══ Given information ══

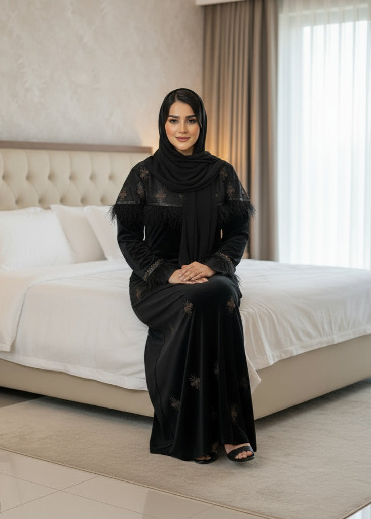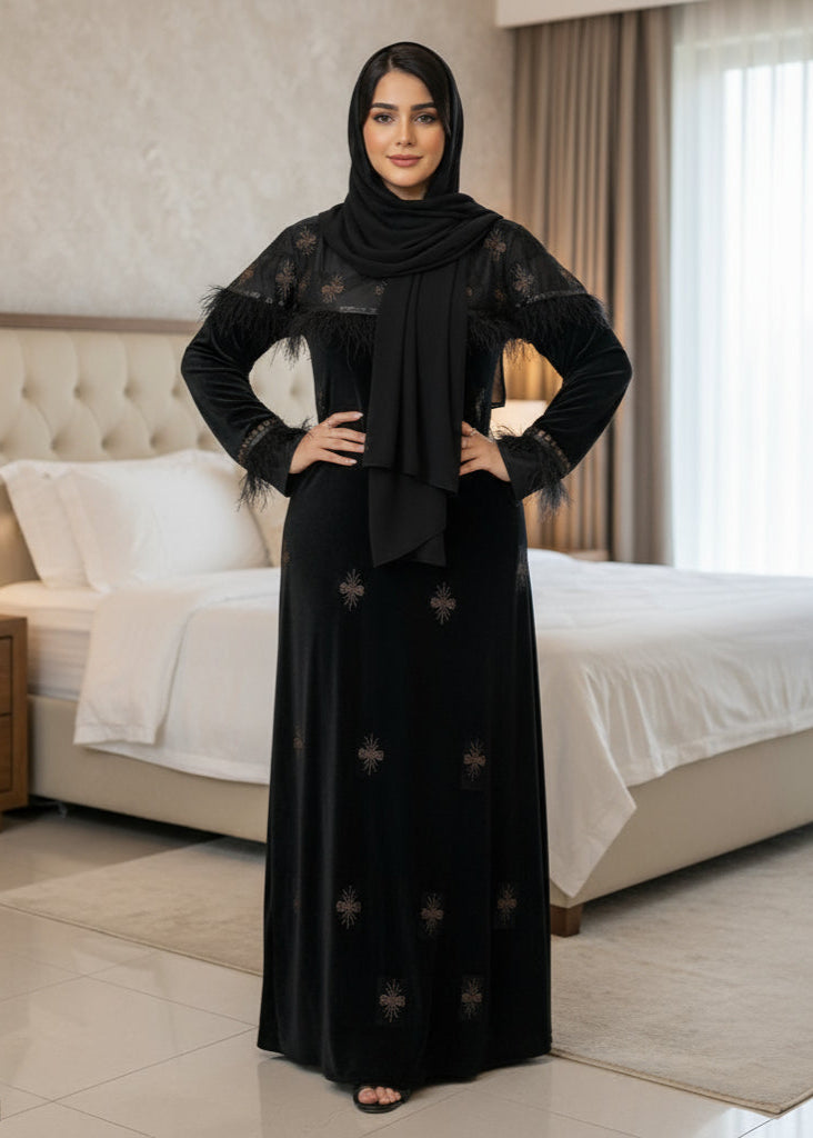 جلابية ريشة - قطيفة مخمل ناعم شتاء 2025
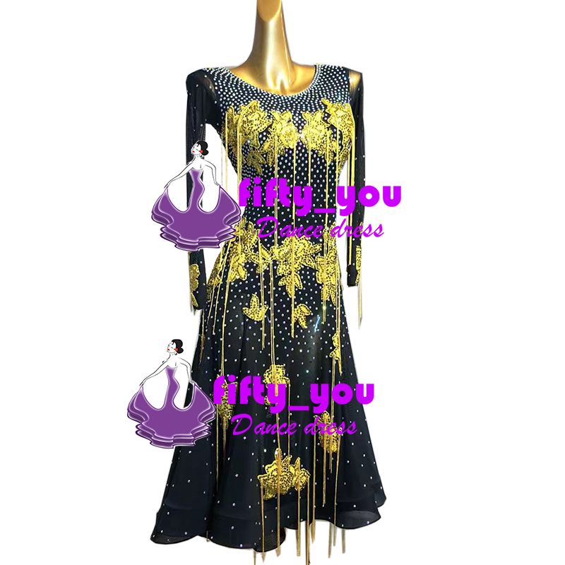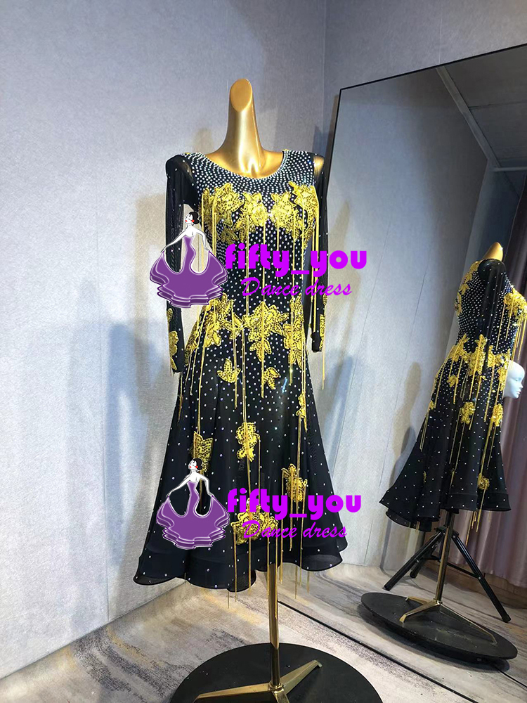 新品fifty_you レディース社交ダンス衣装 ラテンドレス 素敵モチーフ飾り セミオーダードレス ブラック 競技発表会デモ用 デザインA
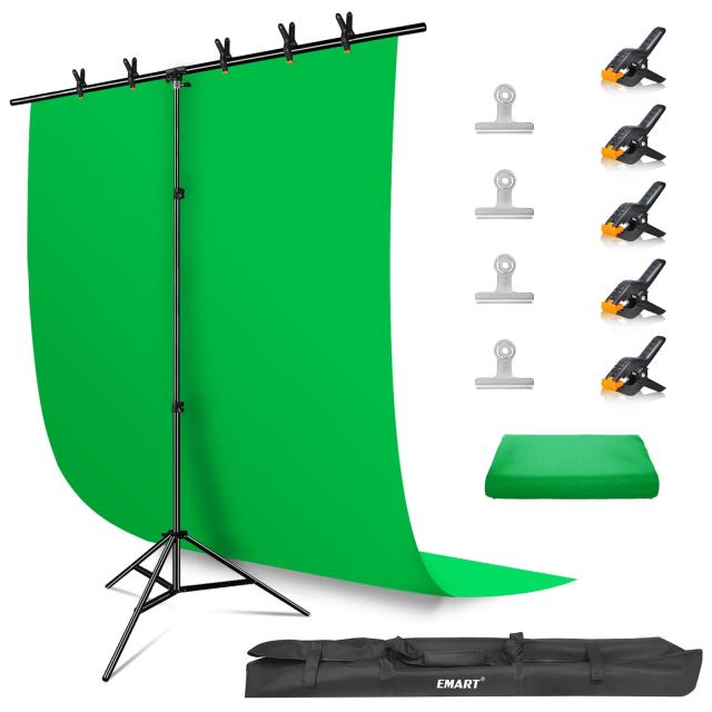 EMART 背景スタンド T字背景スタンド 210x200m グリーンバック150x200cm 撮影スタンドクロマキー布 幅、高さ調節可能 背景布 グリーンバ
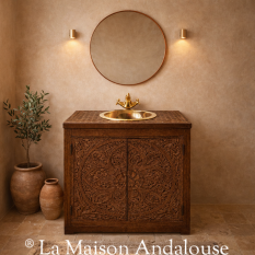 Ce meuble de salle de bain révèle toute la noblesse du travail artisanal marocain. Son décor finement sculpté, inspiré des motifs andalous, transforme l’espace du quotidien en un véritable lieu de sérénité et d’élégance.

═══

The task: Everything in the listing, except its images, should be set down exactly.

Task answer:
 جلابية ريشة - قطيفة مخمل ناعم شتاء 2025
 新品fifty_you レディース社交ダンス衣装 ラテンドレス 素敵モチーフ飾り セミオーダードレス ブラック 競技発表会デモ用 デザインA
 EMART 背景スタンド T字背景スタンド 210x200m グリーンバック150x200cm 撮影スタンドクロマキー布 幅、高さ調節可能 背景布 グリーンバ
 Ce meuble de salle de bain révèle toute la noblesse du travail artisanal marocain. Son décor finement sculpté, inspiré des motifs andalous, transforme l’espace du quotidien en un véritable lieu de sérénité et d’élégance.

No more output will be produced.